VMware And salesforce.com Join Forces To Push PaaS To Mainstream Adoption With vmforce

salesforce.com and VMware announced today the development of a joint product and service offering named vmforce. Forrester had a chance to talk to executives at both companies prior to the announcement, and I am quite impressed by the bold move of the two players. Most developers in corporate environments and ISVs perceive the two stacks as two totally different alternatives when selecting a software platform. While the VMware stack, with its Tomcat-based Spring framework, reached mainstream popularity among Java developers with its more lightweight standard Java approach, salesforce.com’s Force.com stack was mostly attractive to developers who liked to extend CRM packaged apps with individual business logic or to ISVs that created new applications from scratch. In some cases, the Java standard and the more proprietary APEX language at Force.com even appeared as competitive options.

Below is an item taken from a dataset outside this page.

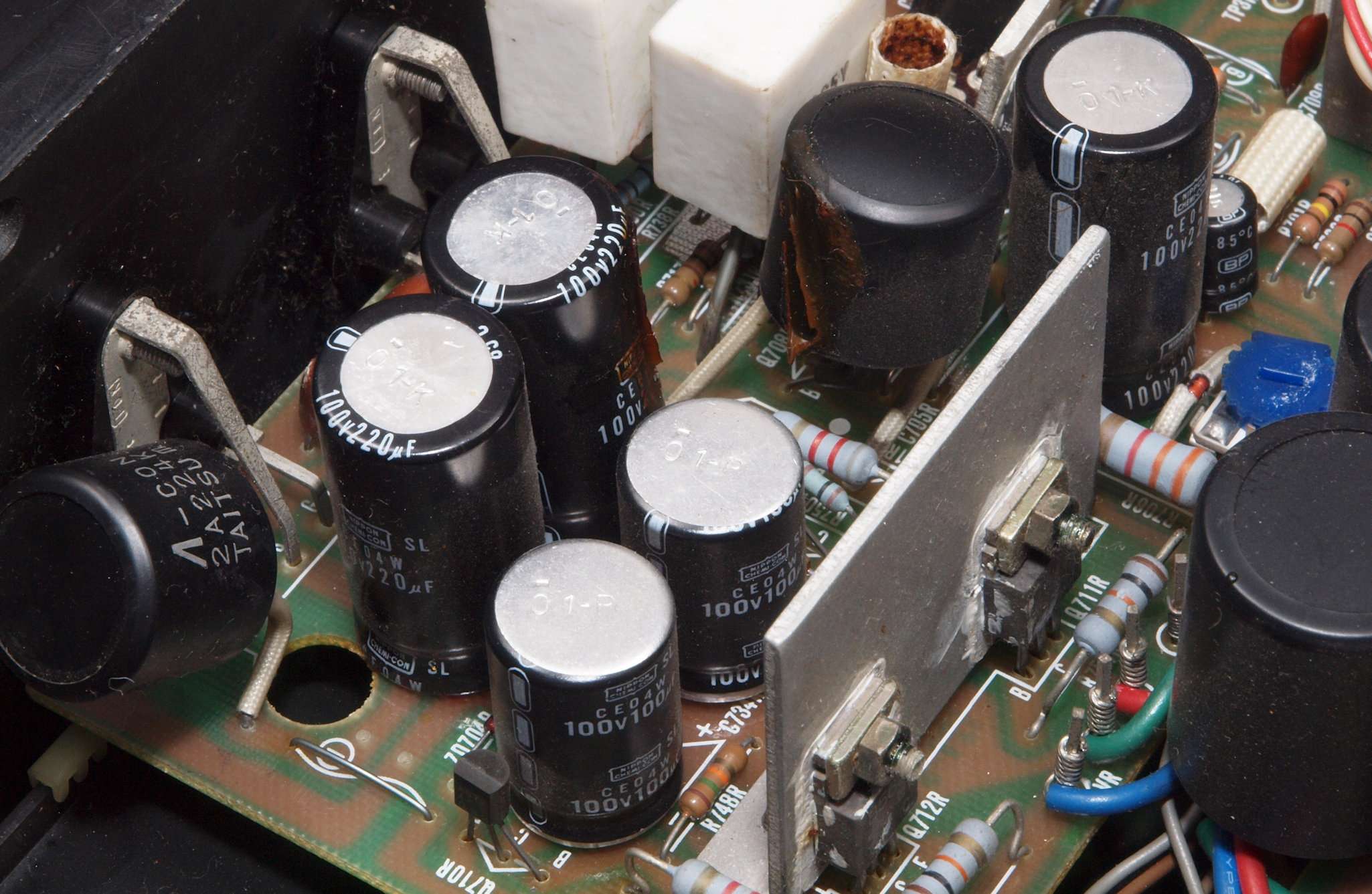 | CE2. 交換した部品、下のビニールが剥けた電解コンデンサー。 |

Today’s announcement will change the market perception of these two platforms significantly. The two companies promised today that they will develop a new joint product and service offering called vmforce. This is basically VMware’s vSphere and vCloud technology hosted on top of Force.com’s physical infrastructure. It is complemented by a Spring/Tomcat container for Java-based business logic. Beyond this hosting concept, the intention is to develop Java APIs to all of Force.com’s high-level shared multitenant infrastructure. This includes the Force.com database, business intelligence (BI), the recently announced BPM product, Visual Process Manager, and the collaboration functionality around Chatter. The two companies told Forrester that they will offer a developer preview later in 2010 under restricted availability. Neither general availability nor pricing have been disclosed as of today. However, Forrester believes that the pricing will be similar to the current Force.com pricing and the first set of functionality might be generally available by the beginning of 2011, based on salesforce.com’s usual six-month release practice.

What does this mean for the platform-as-a-service (PaaS) market? As Forrester is currently conducting the research for a Forrester Wave™ evaluation of PaaS providers, we are looking very carefully at the set of functionality that corporate application developers and ISVs developing packaged business apps for the cloud expect. Both vendors have had their weaknesses and gaps until now. While the Force.com environment had high-level business-related functionality like BI and BPM, it was missing a standard java runtime container. Thus, the Force.com approach was simply too disruptive for the migration of existing traditional Java-based applications into the cloud. On the other side, the Spring framework provided the stable Java container with some basic and very popular framework services, all presented through the popular Eclipse IDE. But, VMware’s Spring was missing basically all the high-level components of a business process platform. The combination of the two comes much closer to the ideal set of PaaS building blocks described in Forrester’s PaaS reference architecture

We believe that this is an attack on Microsoft’s Azure, but the adoption will be different: In both cases, the combined vmforce and the Azure offering, developers will continue to work in their favorite IDE. Microsoft’s Visual Studio offers seamless access to all .NET infrastructure assets, including, for example, the Windows workflow foundation. The deployment step simply shows two options: a traditional .NET infrastructure on-premise and the Azure services in the cloud. But, until now, Azure has offered only a subset of the full .NET functionality; it’s missing the workflow foundation, for example. The vmforce approach will offer in a similar way the well-known development of plain and Spring-based Java applications in Eclipse. The hosting on Force.com will simply appear as one deployment option in addition to local hosting. But, unlike the Microsoft approach, the deployment on Force.com will offer richer functionality through the availability of all the high-level platform components of the current Force.com infrastructure. Therefore, the adoption cycle will be totally different: .NET developers use Azure in most cases for brand-new development and restrict themselves simply to the functionality currently available at Azure. But, Java developers considering vmforce will be able to approach the cloud with a direct migration of their current Java code into this new PaaS offering. Once shifted over, they can gradually add the additionally available database, BPM, BI, and collaboration features via the promised native Java APIs. With this, the vmforce platform will be one of the very few PaaS environments to combine a straightforward migration of existing legacy (Java) code with new, disruptive cloud components.

Which market segments will this affect? Forrester predicted the development of the long-term PaaS market last year. In our opinion, both application developers doing custom development or extensions of corporate applications and ISVs of packaged cloud apps will benefit from the new offering. But the new adoption pattern will become a challenge for salesforce.com’s go-to-market strategy and ecosystem. Being successful and attractive for totally new application development is a different business from attracting large-scale migration projects, where I see a significant competitive advantage for the new, merged platform.